### [WHAT TO DO]
Restate exactly the lines of the entries below, beginning with the first and ending with the line that holds "Ta vrtna sedežna". Pictures are not copied.

Extracted data entries

┄┄┄┄┄┄┄┄┄┄┄┄┄┄┄┄┄┄┄┄

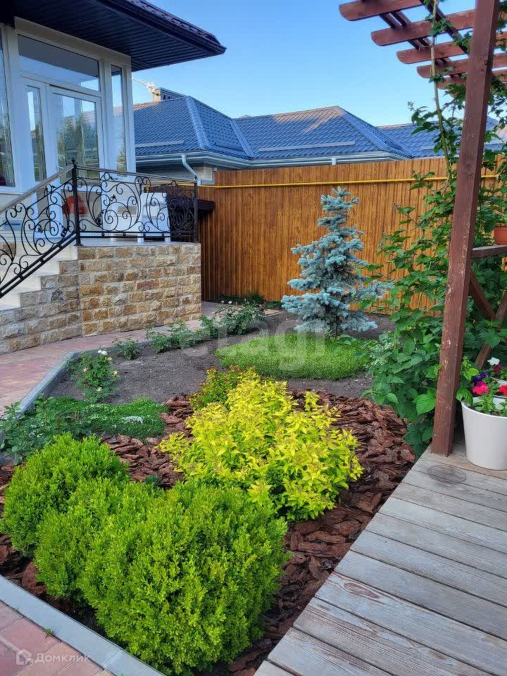 Приусадебный участок зонально разделен на две части: декоративная часть с деревьями, кустарниками и газоном, и садово- огородная с плодоносящими деревьями, везде смонтирована система автополива.
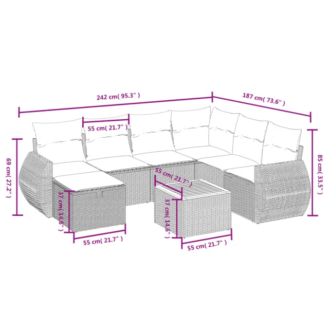 Ta vrtna sedežna garnitura je popoln dodatek za vaše dvorišče, teraso ali verando, saj zagotavlja udoben in vabljiv prostor za klepet z družino in prijatelji ali preprosto za sprostitev in uživanje na prostem.
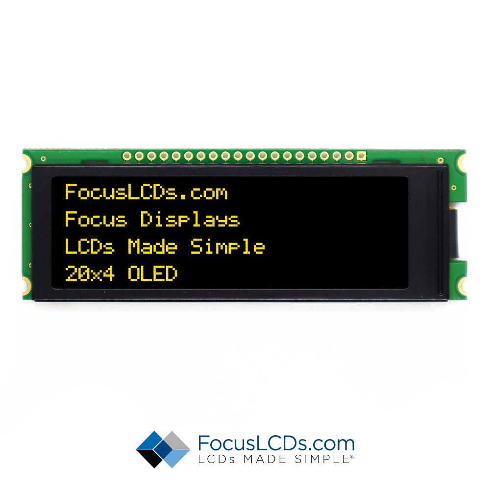 This is manufactured by Focus LCDs. The manufacturer part number is O204B-CY-YS5. Its character size is 4.77mm h x 2.97mm w. It is assigned with possible HTSUS value of 8531.20.0020. The product is rohs compliant. It has a given 5 x 8 dots character format. It has a typical 20 x 4 display format. The product has -40°c ~ 85°c operating temperature range. The product has integrated with a us2066, a versatile and functional controller. In addition, it is reach unaffected. A bespoke product is 4/8-bit, i2c, parallel interface. It is shipped in tape & box (tb) package . Provides a 72.50mm l x 22.90mm w viewing area. The text is provided in yellow colour. The product has a classic black background colour. It features a remarkable oled display. Consists of 80 characters. Outline Specifications include in (L x W x H) - 92.00mm x 31.50mm x 5.00mm. It has optimum voltage supply of 2.4v ~ 5.5v. Typically has a reflective display mode. Has a dot size of 0.57mm w x 0.57mm h. The product is designated with the ear99 code number.
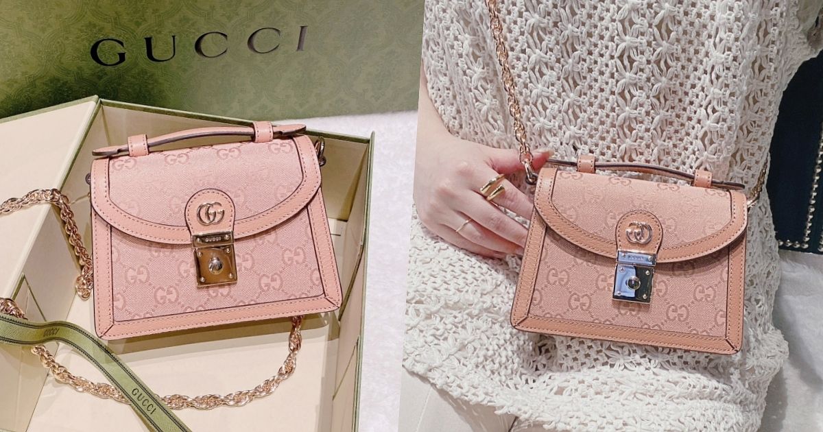 Gucci經典老花包出新色!超夢幻「寶寶粉」鍊帶郵差小包超可愛,全新玫瑰金鍊條太美、官網價格直接看!
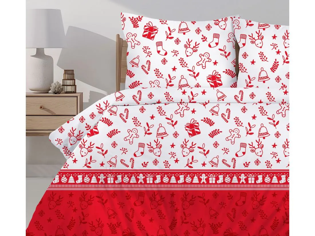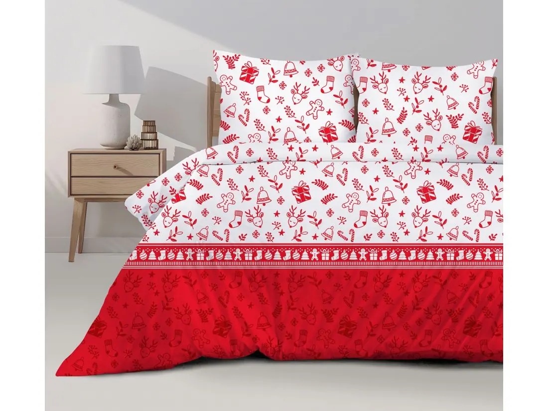 Pościel bawełniana Bielbaw 220x200 świąteczna niespodzianka – biało czerwona
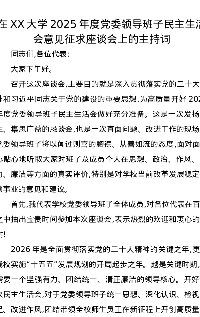 在XX大学2025年度党委领导班子xxxxx意见征求座谈会上的主持词
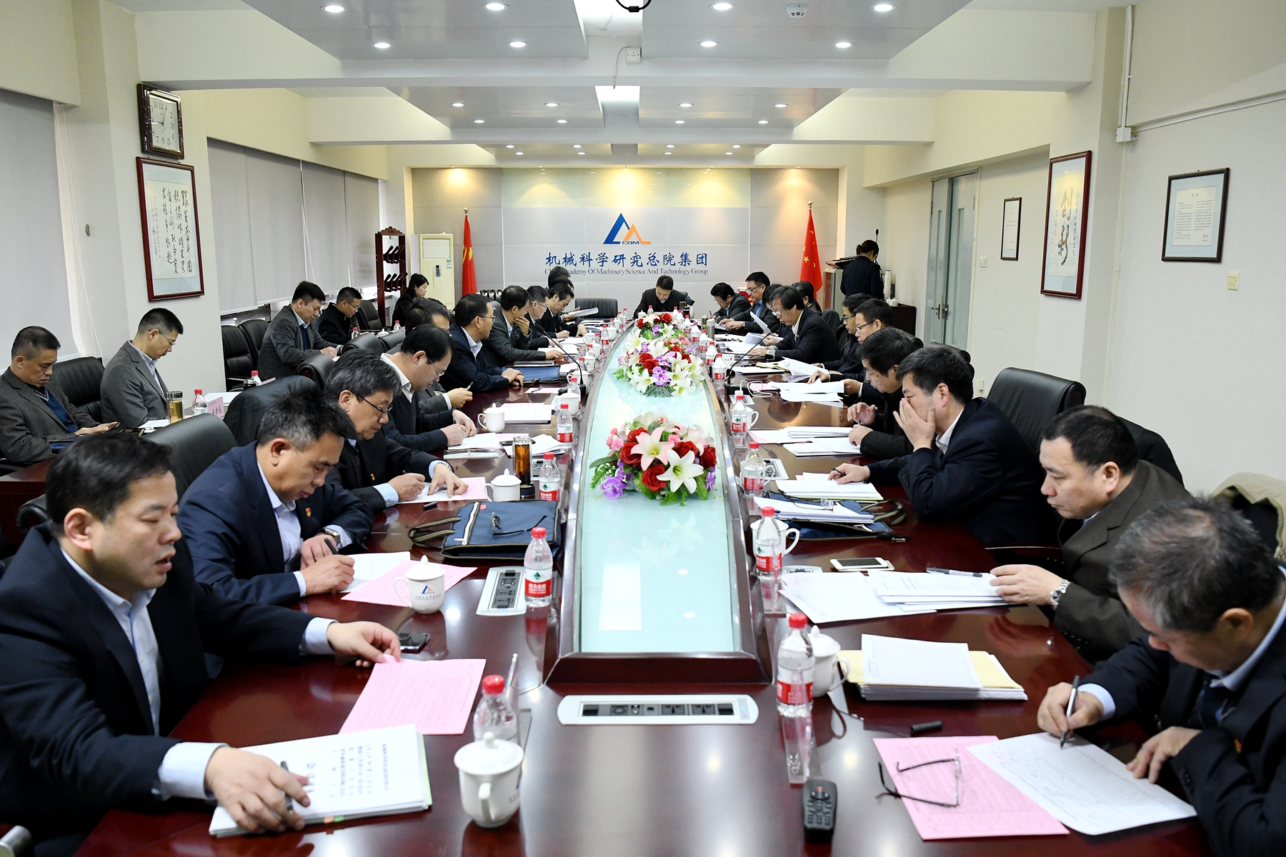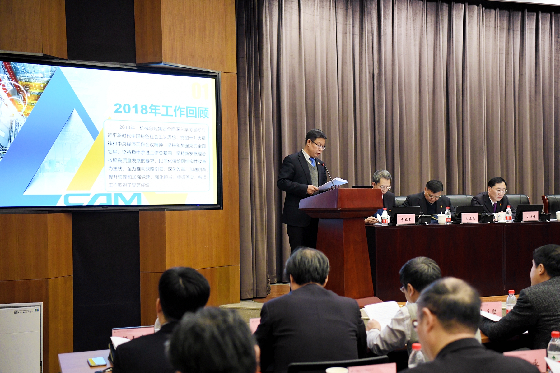 王德成董事長、黨委書記、總經(jīng)理代表集團(tuán)領(lǐng)導(dǎo)班子在年度工作會議上作了《發(fā)揮黨建優(yōu)勢 深化改革創(chuàng)新 奮力開啟機(jī)械總院集團(tuán)高質(zhì)量發(fā)展新征程》的工作報告,報告全面回顧了機(jī)械總院集團(tuán)2018年度工作,傳達(dá)了國資委對中央企業(yè)和地方國資委的工作要求,客觀分析了集團(tuán)當(dāng)前面臨的形勢和任務(wù),詳細(xì)部署了集團(tuán)2019年度工作。王德成董事長指出:2018年,機(jī)械總院集團(tuán)全面深入學(xué)習(xí)貫徹習(xí)近平新時代中國特色社會主義思想、黨的十九大精神和中央經(jīng)濟(jì)工作會議精神,堅持和加強(qiáng)黨的全面領(lǐng)導(dǎo),堅持穩(wěn)中求進(jìn)工作總基調(diào),堅持新發(fā)展理念,按照高質(zhì)量發(fā)展的要求,以深化供給側(cè)結(jié)構(gòu)性改革為主線,全力推動戰(zhàn)略引領(lǐng)、深化改革、加速創(chuàng)新、提升管理和加強(qiáng)黨建,強(qiáng)化擔(dān)當(dāng)、狠抓落實(shí),各項工作取得了顯著成績。2019年,機(jī)械總院將以習(xí)近平新時代中國特色社會主義思想為指導(dǎo),全面貫徹黨的十九大、十九屆二中、三中全會和中央經(jīng)濟(jì)工作會議精神,堅持和加強(qiáng)黨的領(lǐng)導(dǎo),緊緊抓住機(jī)械總院集團(tuán)發(fā)展重要戰(zhàn)略機(jī)遇期,按照高質(zhì)量發(fā)展要求,發(fā)揮黨建優(yōu)勢,深化戰(zhàn)略引領(lǐng),做強(qiáng)應(yīng)用型科研、持續(xù)提升創(chuàng)新力,做優(yōu)服務(wù)型產(chǎn)業(yè)、加力行業(yè)服務(wù)引領(lǐng)力,保持技術(shù)經(jīng)濟(jì)穩(wěn)定增長,為推動裝備制造業(yè)高質(zhì)量發(fā)展、助力制造強(qiáng)國戰(zhàn)略實(shí)施做出新貢獻(xiàn)。
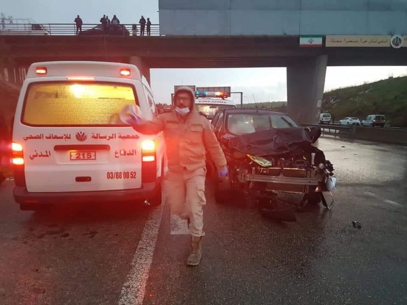 أدى حادث سير بين سيارة إسعاف تابعة لجمعية الرسالة للإسعاف الصحي فوج الخرايب وسيارتين على أوتوستراد الجنوب - الإنصارية بالقرب من جامعة فينيسيا الى سقوط إصابات من المسعفين.
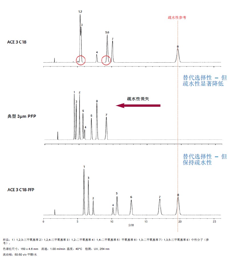 所以,ACE C18-PFP常被用于涉及鹵代芳香族化合物、位置異構(gòu)體和具有不同形狀約束的分析物的分離。
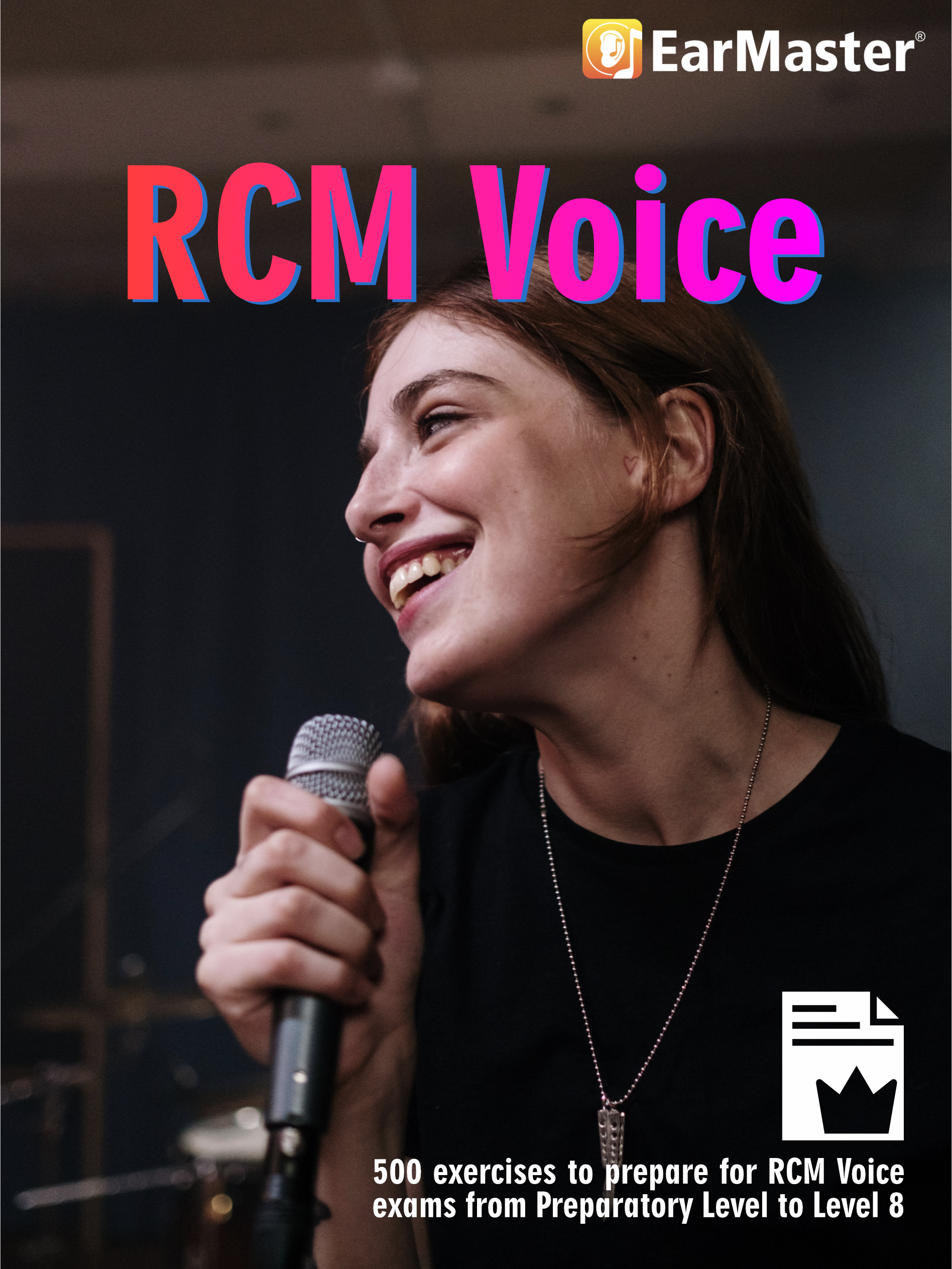 Notice: EarMaster used to sell a course named RCM Voice - Levels 1-6. The exercises in that course followed the 2012 syllabus of the RCM Voice exams. It has now been re-worked and re-launched as Vocal Trainer which you can use with the newest update of EarMaster. This new RCM Voice course is a separate purchase which contains close to 3 times more exercises and is based on the current 2019 syllabus.
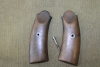 Verkaufe originale Holzgriffschalen mit Schraube für Leuchtpistole / Signalpistole Modell "Hebel", Kal. 4, deutsch, I. WK. Diese Leuchtpistole wurde von vielen Herstellern produziert, z. B. Anschütz, Funk, Greifelt, Kerner, Langenhan, Menz usw.
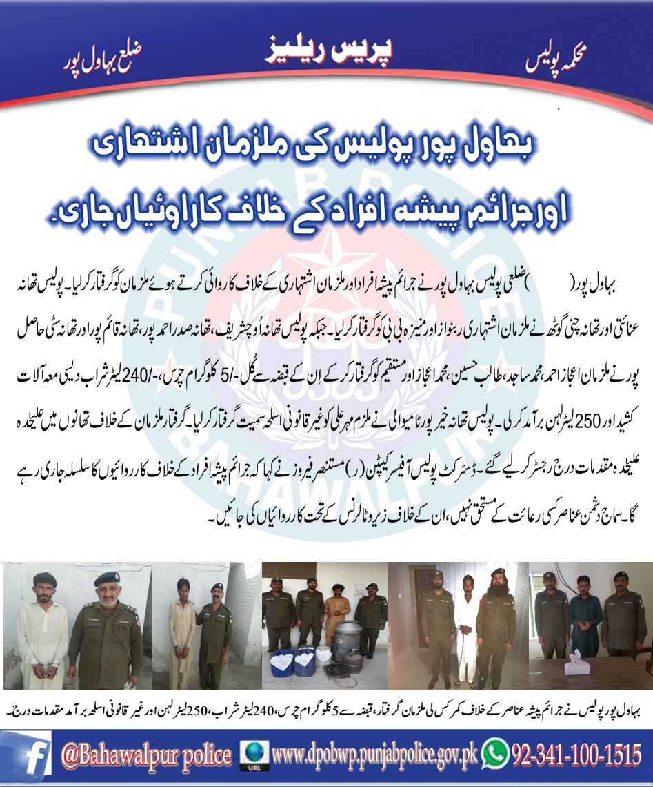 بہاولپور پولیس نے ملزمان اشتہاری اورجرائم پیشہ افرادکے خلاف کاروائی کرتے ہوۓ ملزمان کو گرفتار کرلیا ،مقدمات درج۔
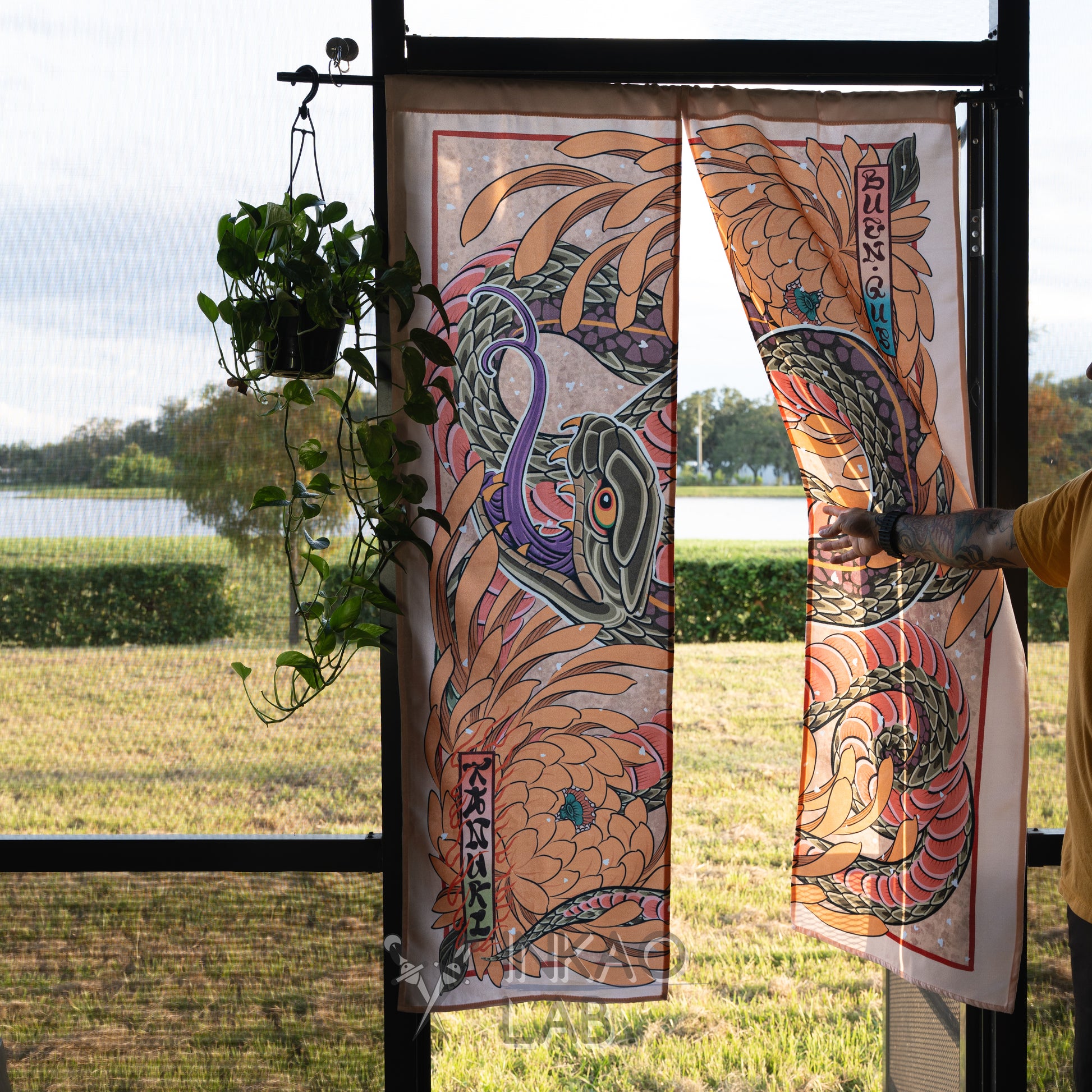 This beautiful Japanese noren curtain is made of excellent quality fabric, ideal for adding a cultural, artistic touch full of positive energy to any space.

┄┄┄┄┄┄┄┄┄┄┄┄┄┄┄┄┄┄┄┄

### [RESULT OF THIS TASK]
 Приусадебный участок зонально разделен на две части: декоративная часть с деревьями, кустарниками и газоном, и садово- огородная с плодоносящими деревьями, везде смонтирована система автополива.
 Ta vrtna sedežna garnitura je popoln dodatek za vaše dvorišče, teraso ali verando, saj zagotavlja udoben in vabljiv prostor za klepet z družino in prijatelji ali preprosto za sprostitev in uživanje na prostem.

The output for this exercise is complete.